Мэри улыбнулась ему в ответ, но глаза ее остались холодны. Она повернулась, вышла и направилась к двери с голубым бантом и номером 21.
Она начала нервничать. Если и здесь не выйдет, то можно считать задание проваленным.
Она вспомнила Лорда Джека, который ждет ее у Плачущей леди, и зашла внутрь.
Мать спала, прижав к себе ребенка. На стуле у окна сидела пожилая женщина и вышивала.
— Привет, — сказала женщина, сидевшая на стуле. — Как жизнь?
— Спасибо, чудесно. — Мэри увидела, что мать открывает глаза. Ребенок тоже зашевелился, его веки затрепетали и приоткрылись, и Мэри увидела, что глаза у мальчика светло-голубые, как у Лорда Джека.
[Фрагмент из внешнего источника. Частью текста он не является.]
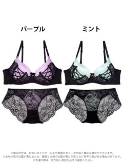 オールレースカットストリング育乳脇高ブラジャー&バック透けフルバックショーツ
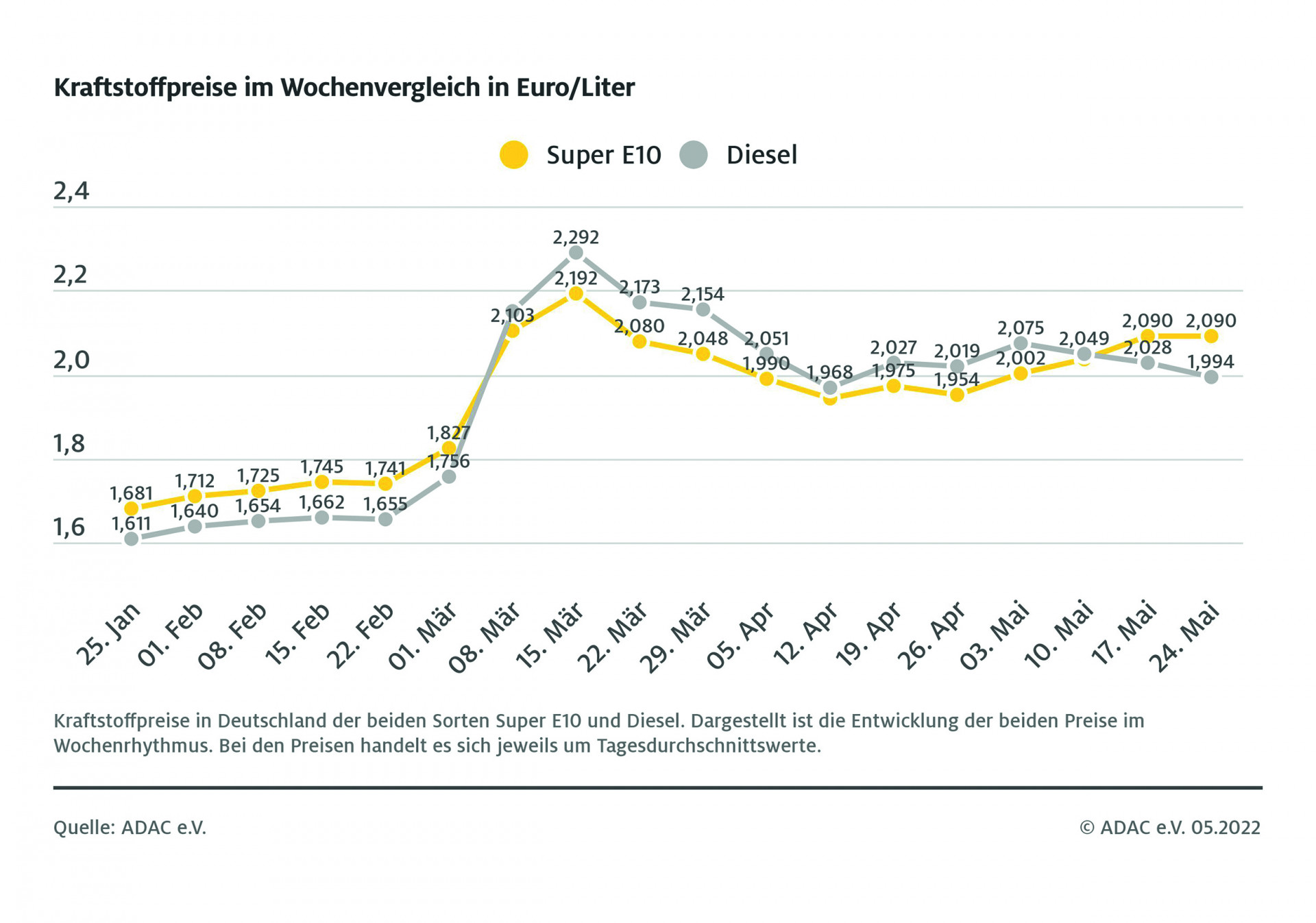 Leichte Entspannung beim Tanken für Dieselfahrer, unverändert hohe Spritpreise für die Fahrer von Benzin-Pkw. Das zeigt die wöchentliche aktuelle ADAC Auswertung der Kraftstoffpreise in Deutschland. Danach kostet ein Liter Super E10 wie in der Vorwoche 2,090 Euro. Diesel ist binnen Wochenfrist um 3,4 Cent gesunken und kostet derzeit im bundesweiten Mittel 1,994 Euro.

У нее подпрыгнуло сердце. Это карма.
— Ой, я задремала. — Лаура моргнула, пытаясь разглядеть сестру, стоявшую над кроватью. Большая женщина с невыразительным лицом и каштановыми волосами. На форменном платье желтый значок — «улыбка». На табличке написано Дженет кто-то. — А сколько времени?
— Время взвешивать ребенка, — сказала Мэри. Голос прозвучал чуть напряженно, и ей пришлось им овладеть. — Это займет всего минуту.
— А где папа? — спросила Лаура у матери.
— Он спустился купить новый журнал. Ты же знаешь, он без чтения не может.
— Разрешите, я возьму ребенка взвесить? — Мэри протянула руки, чтобы его взять.
Дэвид просыпался. Первой его реакцией был открыть рот и тоненько, высоко заплакать.
— Кажется, он опять есть хочет, — сказала Лаура. — Нельзя ли мне его сперва покормить?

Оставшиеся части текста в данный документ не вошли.